By Lisa Dempsey
Fish Tacos are a household favorite with my family, especially when we add my secret sauce. The sauce you add to a meal can make or break a recipe, and everyone has their favorites. Restaurants have made it a big deal to have unique proprietary sauce flavors. Maybe you are a Ranch Dressing fan, honey mustard hound, or spicy ketchup buff. I have a secret recipe that I’m going to share with you that I use on my Fish Tacos and Taco Salads.
I love to cook for a crowd. One of my favorite things about being a Girl Camper Guide is cooking and sharing a meal. Any taco makes a fabulous group meal. In fact, if you have been to one of my events where Taco Salad or Walking Tacos were on the menu, you may have already had a taste! Here is a photo of me cooking breakfast (migas breakfast tacos) one morning at my Pink It Out Event at Martin Dies Jr. State Park.
Gather Your Ingredients
First, start with a fresh white fish, and save your salmon for grilling. It should be something with a bit of texture; if it is too flaky, it will fall apart easily. My family went fishing over the holiday and returned with half a dozen redfish! Lucky me.
Next, depending on the vessel you use to fry the fish, you will need two to four cups of peanut oil or vegetable oil. Peanut Oil works better under high heat and doesn’t leave my fish greasy. In my Firedisc cooker, I used about three cups. Then, one package of fish fry. Although I did not use tempura batter or beer batter for this recipe, you can substitute it if it is your preference. Additionally, I use corn tortillas, but flour is fine if you prefer them with your fish tacos. You will also need one cup of milk and one egg to make an egg wash for the fish.
How to Cook the Fish
Start by heating your oil to about 350 degrees. If it is too hot, it will burn the outside and not cook the inside thoroughly.

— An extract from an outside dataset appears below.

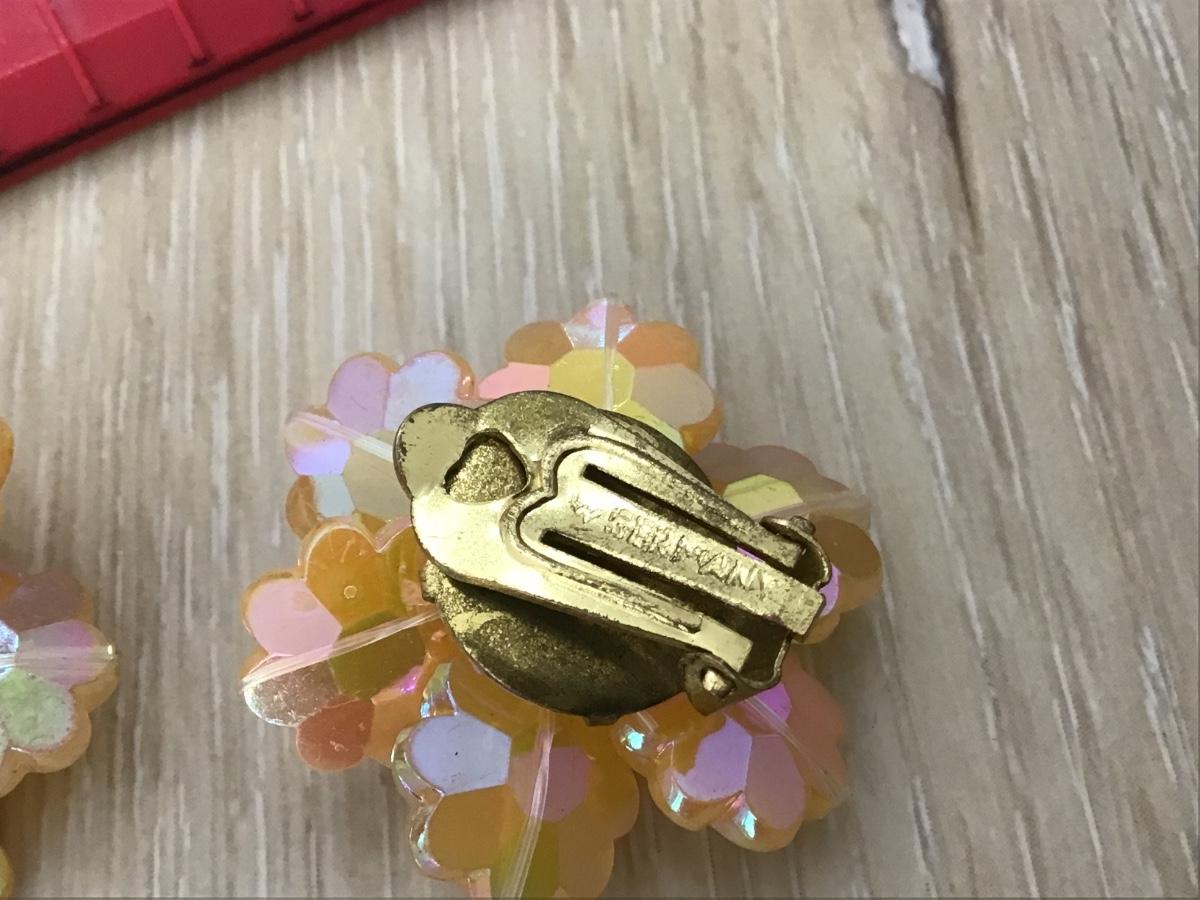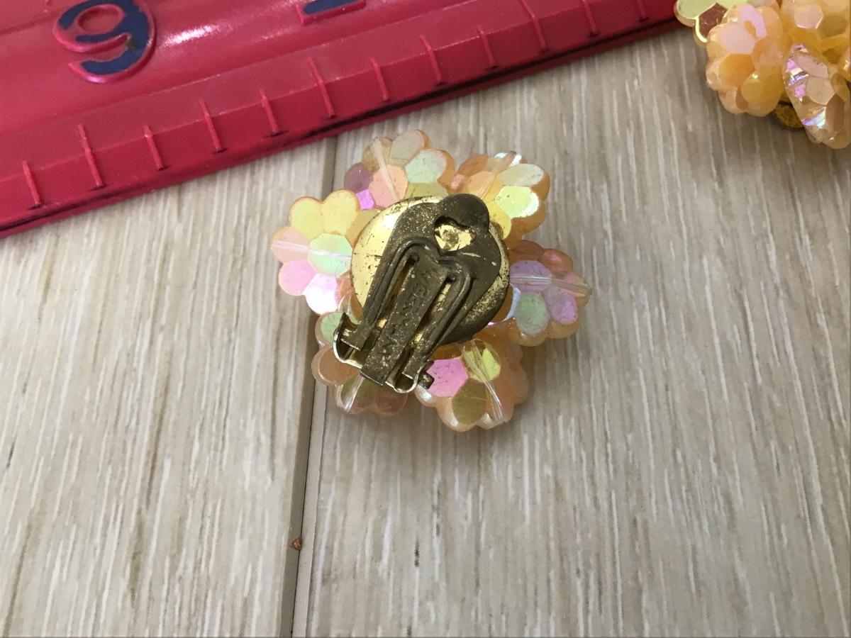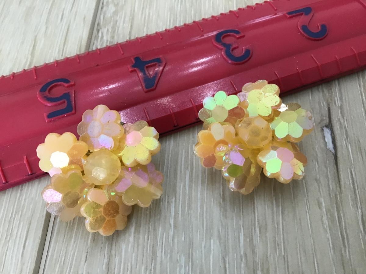 Germany Marked Vintage Peach Iridescent/Bead Cluster Clip on Earrings

Slice your fish into strips to fit into your tortilla when cooked.
Make your egg wash; beat the egg into a cup of milk.
In a separate bowl, pour your fish fry and season it with salt and some of your favorite spices.
In small batches: 1. Dip the fish in the egg wash. 2. Dredge the fish in the dry mix. 3. Next, place the fish in the hot oil. 4. Finally, turn the fish over one or two times while they cook. Overall, it should take about five minutes, depending on the size of the fish and how much you put into the pan at once. Place them on a plate lined with paper towels to drain any excess oil.
Dress Up Your Taco
We like to top our fish tacos with shredded cabbage, cilantro, sweet and spicy corn relish, and the secret sauce! You can add shredded cheese, lettuce, tomatoes, or different toppings you like.
Secret Sauce Recipe
1 Cup of Thousand Island Dressing – I prefer Ken’s Brand
1/3 Cup of Salsa – not PICO De Gallo – My favorite to use is On the Border brand. Despite not having any handy when I was cooking, I made it work with what we had in the refrigerator.
1 Tablespoon of Chili Powder – start with a Teaspoon and increase it to your liking.
If you want heat, add a couple of dashes of Cholula Hot Sauce. This recipe is easily doubled and will keep in an airtight container for a week in your refrigerator.